Given records

= = = = =

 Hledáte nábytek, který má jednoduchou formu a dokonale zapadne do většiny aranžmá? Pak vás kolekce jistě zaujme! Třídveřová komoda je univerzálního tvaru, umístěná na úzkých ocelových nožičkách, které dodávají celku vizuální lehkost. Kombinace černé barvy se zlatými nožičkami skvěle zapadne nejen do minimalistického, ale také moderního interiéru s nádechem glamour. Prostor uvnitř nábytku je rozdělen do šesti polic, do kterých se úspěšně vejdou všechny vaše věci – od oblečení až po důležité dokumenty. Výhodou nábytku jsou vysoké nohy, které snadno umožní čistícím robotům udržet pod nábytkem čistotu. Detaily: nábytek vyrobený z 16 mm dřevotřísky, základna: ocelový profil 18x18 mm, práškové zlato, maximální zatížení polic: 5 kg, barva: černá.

= = = = =

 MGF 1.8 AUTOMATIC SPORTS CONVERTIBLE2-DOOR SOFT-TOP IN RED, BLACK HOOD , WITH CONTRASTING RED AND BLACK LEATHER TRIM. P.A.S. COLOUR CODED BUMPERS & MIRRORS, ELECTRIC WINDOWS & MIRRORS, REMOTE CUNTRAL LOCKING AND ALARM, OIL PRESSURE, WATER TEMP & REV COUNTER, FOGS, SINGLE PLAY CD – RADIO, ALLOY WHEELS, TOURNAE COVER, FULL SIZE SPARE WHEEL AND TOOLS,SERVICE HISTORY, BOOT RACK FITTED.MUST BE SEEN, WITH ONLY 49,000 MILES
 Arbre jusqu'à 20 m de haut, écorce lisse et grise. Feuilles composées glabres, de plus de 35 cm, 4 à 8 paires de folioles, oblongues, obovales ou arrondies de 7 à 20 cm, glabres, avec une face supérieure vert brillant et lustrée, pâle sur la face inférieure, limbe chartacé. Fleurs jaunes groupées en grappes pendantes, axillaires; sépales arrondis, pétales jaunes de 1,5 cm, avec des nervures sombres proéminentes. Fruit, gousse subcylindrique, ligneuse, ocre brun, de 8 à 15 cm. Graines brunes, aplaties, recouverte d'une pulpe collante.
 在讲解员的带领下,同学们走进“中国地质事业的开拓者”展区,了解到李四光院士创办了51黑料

= = = = =

Work item
Output exactly the lines of the material above from the one containing "Arbre jusqu'à 20" up to and including the one containing "在讲解员的带领下,同学们走进".

Response
 Arbre jusqu'à 20 m de haut, écorce lisse et grise. Feuilles composées glabres, de plus de 35 cm, 4 à 8 paires de folioles, oblongues, obovales ou arrondies de 7 à 20 cm, glabres, avec une face supérieure vert brillant et lustrée, pâle sur la face inférieure, limbe chartacé. Fleurs jaunes groupées en grappes pendantes, axillaires; sépales arrondis, pétales jaunes de 1,5 cm, avec des nervures sombres proéminentes. Fruit, gousse subcylindrique, ligneuse, ocre brun, de 8 à 15 cm. Graines brunes, aplaties, recouverte d'une pulpe collante.
 在讲解员的带领下,同学们走进“中国地质事业的开拓者”展区,了解到李四光院士创办了51黑料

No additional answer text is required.